Here are three specific points that must already be absorbed to inform the debate on the post-coronavirus future.

First, systems of government have failed. We need a far more effective, flexible and imaginative government machine. We almost certainly also need to take the provision of at least some essential public services out of the hands of privatised businesses. The inquiry that must come will have to look into all this. It will also have to examine how politicians made their decisions. But only the electorate can learn that bombastic demagogues make bad leaders in real crises.

Second, we have to reckon with the painful fact that this crisis has hit the most vulnerable hardest, making even clearer how divided our society has become. Excellent recent reports — one on inequality from the Institute for Fiscal Studies, and another on the low paid from the Resolution Foundation — make this obvious. Our society has simply become far too segmented into the secure and the insecure, the safe and the vulnerable. This needs to change.

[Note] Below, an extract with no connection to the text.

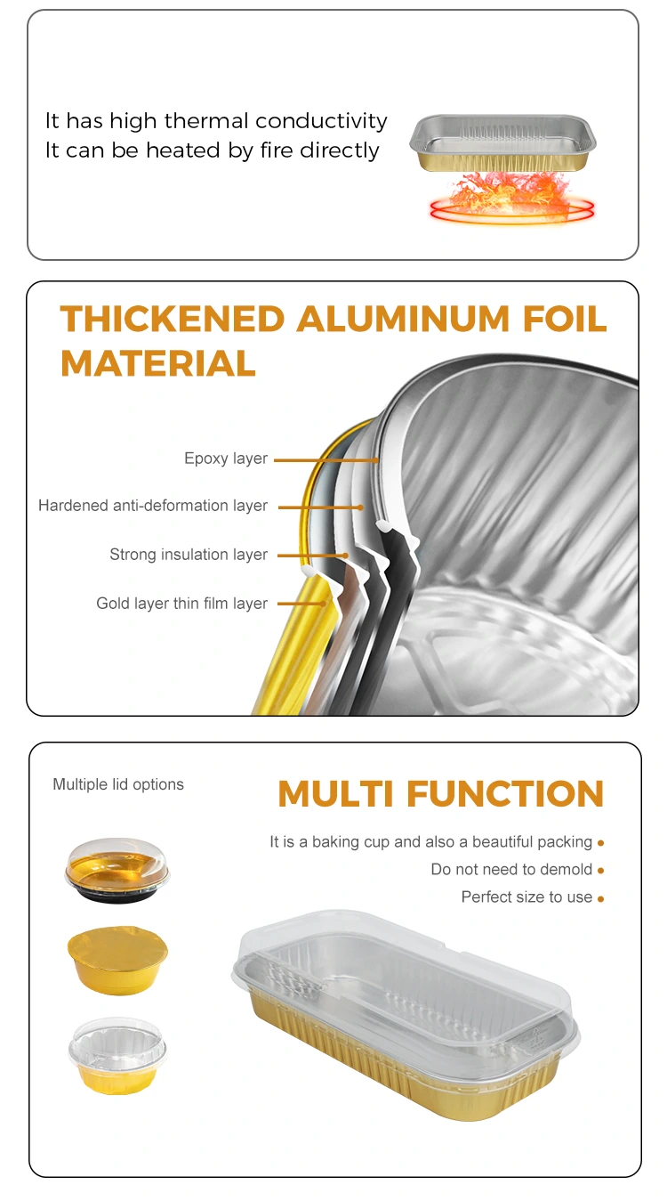 Алюминий фольга материалының керемет жылу өткізгіштігі пештің жылуына тез және біркелкі болуға мүмкіндік береді, сонымен қатар, жергілікті және сэндвичке жол бермейді. Ұзақ қамырды пісірген кезде қораптың денесі тағамның пішініне сәйкес келеді, ылғал мен хош иістен тұрады. Пісірген кезде сыртқы жағынан сыртта қытырлақ, ал ішкі жағынан жұмсақ. Дәмі қарапайым әйнекке немесе пластикалық контейнерлерге қарағанда әлдеқайда жақсы. Қораптың жиектері дөңгелектенеді, бұл сорғышқа төзімді және сорпаның ағып кетуіне жол бермейді. Тікбұрышты алтын пісірілген алтын пісірілген алюминий фольга контейнерлері тұздалған дәмді тағамдарға арналған (лава шоколадтары, карамель жаңғағы).

Third, we need to consider who will pay for the vast surge in government borrowing that was and remains so essential. Huge structural fiscal deficits cannot continue indefinitely. The exceptional programmes that have rightly been launched will in due course be wound down. But a residue will surely remain for a long time. Fiscal revenue is also likely to remain depressed. After 2010, the public finances were adjusted almost entirely by cutting spending. That must not happen again this time. The better off will surely end up paying somewhat higher taxes.

Many other issues lie ahead. Is “global Britain” anything but a fantasy in today’s deglobalising world? What is going to happen with Brexit? Do we have any idea how to accelerate the dismal rate of growth of productivity? But the points raised above — the failure of government, the worsened plight of the vulnerable and how to pay for Covid-19 — are obvious legacies of this crisis. If the UK does not learn and change now, when will it do so?